The provision was the main reason for Maine Democratic Rep. Jared Golden’s moderate vote against the bill in the House, but it was also expected to win votes from members like Rep. Josh Gottheimer of New Jersey.
Senator Bernie Sanders, a Democratic socialist from Vermont who meets with Democrats, spoke out against the “hypocrisy” of Democrats offering tax breaks to the wealthy.
It’s not just the Sanders wing of the Democratic caucus that opposes the measure. Senator Michael Bennet, D-Colo., Noted in a tweet last week that 70% of SALT benefits would go to the richest 5% of the population.
“The American people did not send us to Washington to cut taxes for the rich,” he tweeted.
But with Senate Democrats led by New Yorker Chuck Schumer – who has many voters who would benefit from the tax break – the provision might not be completely removed, even with members from Sanders to moderate Montana Senator Jon. Test, opposites. Instead, a compromise could emerge, say those close to the process in the Senate.
Sanders and Senator Robert Menendez, DN.J., are work on language that would limit the new deduction limit to those earning more than $ 400,000 per year.
An immigration proposal that House Democrats wrote into the bill is threatened more by the non-partisan Senate parliamentarian than by opposition from Democratic senators.
The measure would allow people in the United States who break immigration laws to keep their work permits and be safe from deportation for five years.

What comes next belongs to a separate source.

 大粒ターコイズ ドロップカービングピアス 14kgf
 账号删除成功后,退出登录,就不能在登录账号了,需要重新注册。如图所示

Immigration activists had called for more permanent relief, which was included in an earlier version of the bill than Parliamentarian Elizabeth MacDonough, rejected in september.

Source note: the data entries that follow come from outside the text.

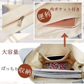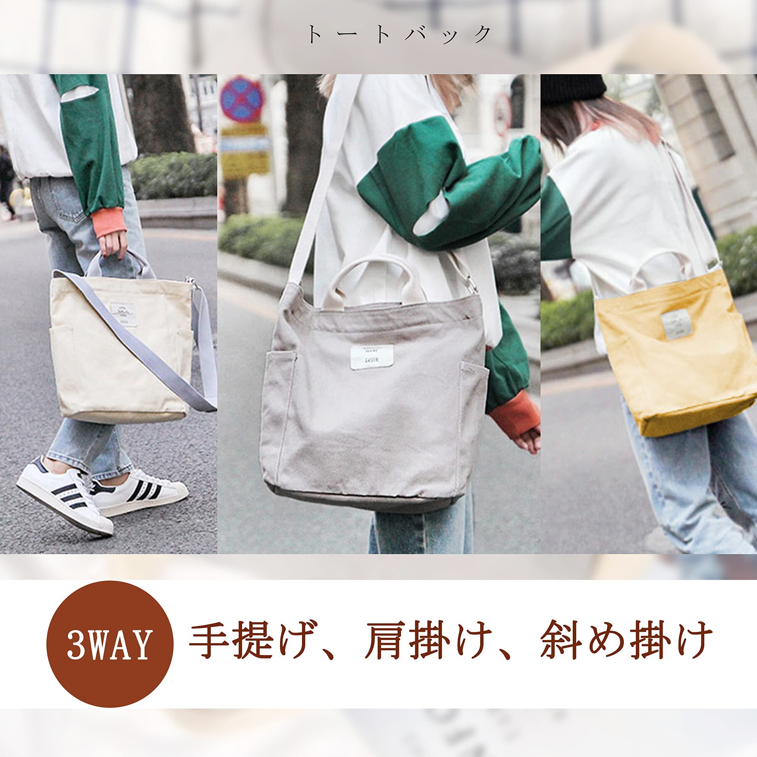 【3way掛けの人気キャンバスバッグ】 手持ちのトートバッグにも、肩掛けのトートバッグにも、斜め掛けのショルダーバッグにも使える、大人気のキャンバスバッグです。長さが調整できるショルダーベルトがついているので、お好みのスタイルに合わせて手提げ、肩掛け、斜め掛けと3パターンでお使いいただけます。 内側にポケットもついていて小物の整理に便利です
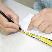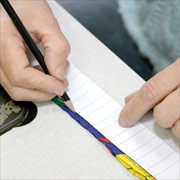 • Molde menor: papelão de 35 cm de comprimento por 4 cm de largura, com riscos intercalados de 1,5 cm e 2 cm.
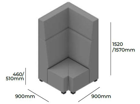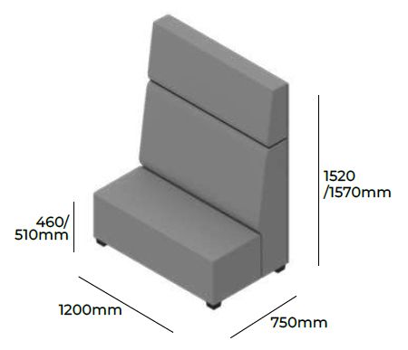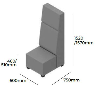 OPIS | Ten modułowy mebel pozwala na tworzenie wydzielonych przestrzeni. Element siedziskowy o szerokości 600 mm z wyraźnym podziałem na część oparcia i zagłówka. |
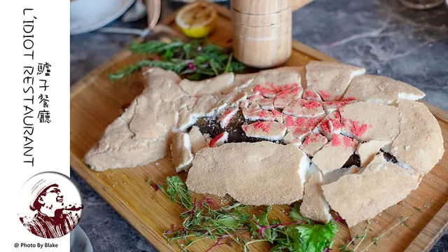 服務生會過來協助撥開鹽塊,並將魚肉切開,魚的部份就要看當天的魚獲狀況,今天我們來用餐是採用野生青衣魚,鹽焗做法將整個熱度悶烤,吃起來肉質還蠻鮮嫩的,吃這個慶祝魚還蠻有趣,是一個不錯的體驗。
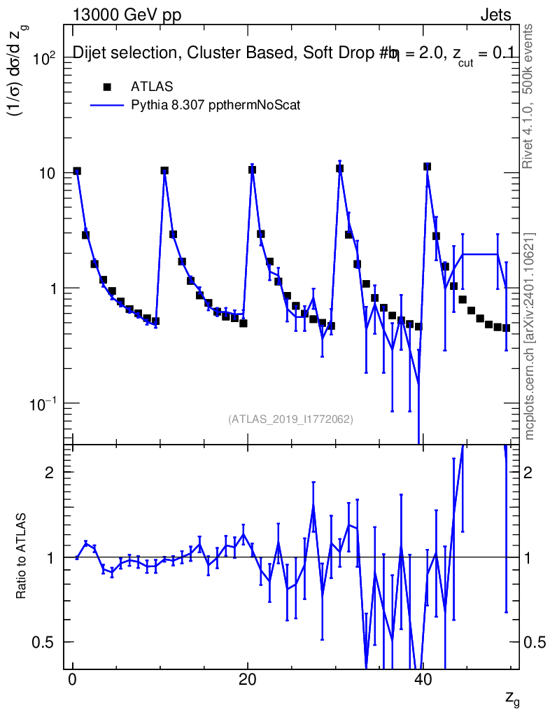 Lines: data, pythia8 8.307 ppthermNoScat |
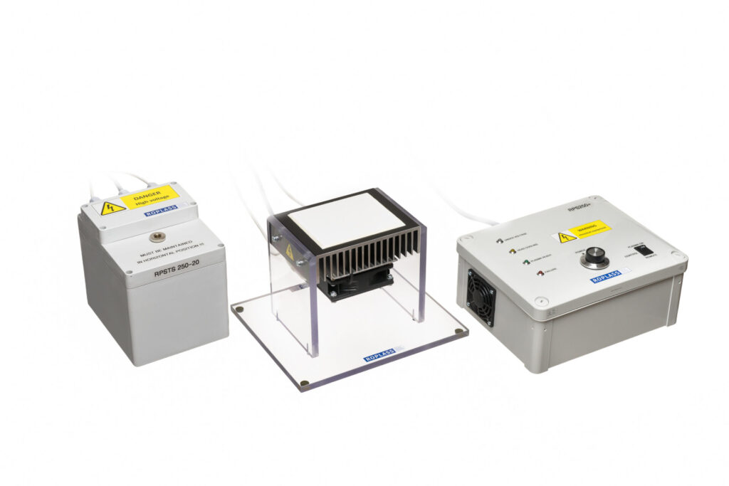 The RPS250+ is designed for stable continuous operation in laboratory and industrial environments. In contrast to larger DCSBD systems such as the RPS400, the plasma unit itself does not require an oil-based cooling or insulation medium, significantly simplifying installation, handling, and maintenance. Plasma is generated directly in ambient air at atmospheric pressure, without the need for vacuum systems or external process gases.
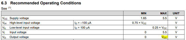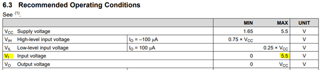 - In the first page it wrote that “Inputs Accept Voltages to 5.5 V” does it mean it 5.5V tolerant (which mean I can use VCC of 2.5V and the input signal can be 5.5V)?

Because Democrats are pushing the entire package forward through reconciliation, he must abide by a rule for this process prohibiting provisions that have little impact on the federal budget.
Manchin a would have objected the part of the bill that would impose a new levy on methane emissions from fossil fuel production.

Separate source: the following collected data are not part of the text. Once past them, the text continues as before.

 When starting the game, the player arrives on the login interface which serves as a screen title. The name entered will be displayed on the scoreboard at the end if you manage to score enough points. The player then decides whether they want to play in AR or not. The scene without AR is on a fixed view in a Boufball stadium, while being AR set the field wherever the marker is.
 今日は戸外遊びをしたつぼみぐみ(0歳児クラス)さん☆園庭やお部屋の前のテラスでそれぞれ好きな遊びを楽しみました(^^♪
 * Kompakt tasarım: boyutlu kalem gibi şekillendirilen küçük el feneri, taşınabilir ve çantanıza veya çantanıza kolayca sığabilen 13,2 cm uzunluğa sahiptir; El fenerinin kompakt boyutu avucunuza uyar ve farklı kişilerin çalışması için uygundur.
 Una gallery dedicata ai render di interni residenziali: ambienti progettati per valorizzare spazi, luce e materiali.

The proposal would increase the fee from $ 900 per metric tonne in 2023 to $ 1,500 per metric tonne in 2025.
Methane is one of the most powerful greenhouse gases causing climate change. Biden and others world leaders have promised at the United Nations climate conference earlier this month to reduce methane emissions by 30% by the end of the decade.
Manchin, whose family has ties to the West Virginia coal industry, is often out of step with his fellow Democrats on energy issues.
Under manchin pressure, the White House dropped another major climate proposal in an earlier version of the bill. This measure would have created a program to reward utilities for meeting clean energy goals and punish those who fail to do so.
A spokeswoman for Manchin declined to comment.
Already released: the royalty of gold mines
Before the bill even reached the Senate, the House removed a section adding a federal royalty rate for miners of gold and other hard rock minerals. Senator Catherine Cortez Masto, D-Nev., Welcomed the removal of the measure that would primarily affect gold producers in her state.
Hard rock miners operate on federal land under an 1872 law that prevents them from paying the type of royalties levied on the oil, gas, and coal industries.
The House proposal, drafted by Natural Resources Committee Chairman Raul Grijalva, D-Ariz., Would have imposed an 8% royalty rate on new mines and a 4% rate on existing operations, affecting approximately $ 5-7 billion a year.
Environmentalists and fiscal hawks have long called for a royalty rate for hard rock mining, but Cortez Masto objected to the disproportionate effect it would have on Nevada.
A spokesperson for his office called the initial proposal “not launched” for the senior senator from Nevada, adding “Cortez Masto assured that the original provision of the House was not included in the legislation which has just been passed by the House.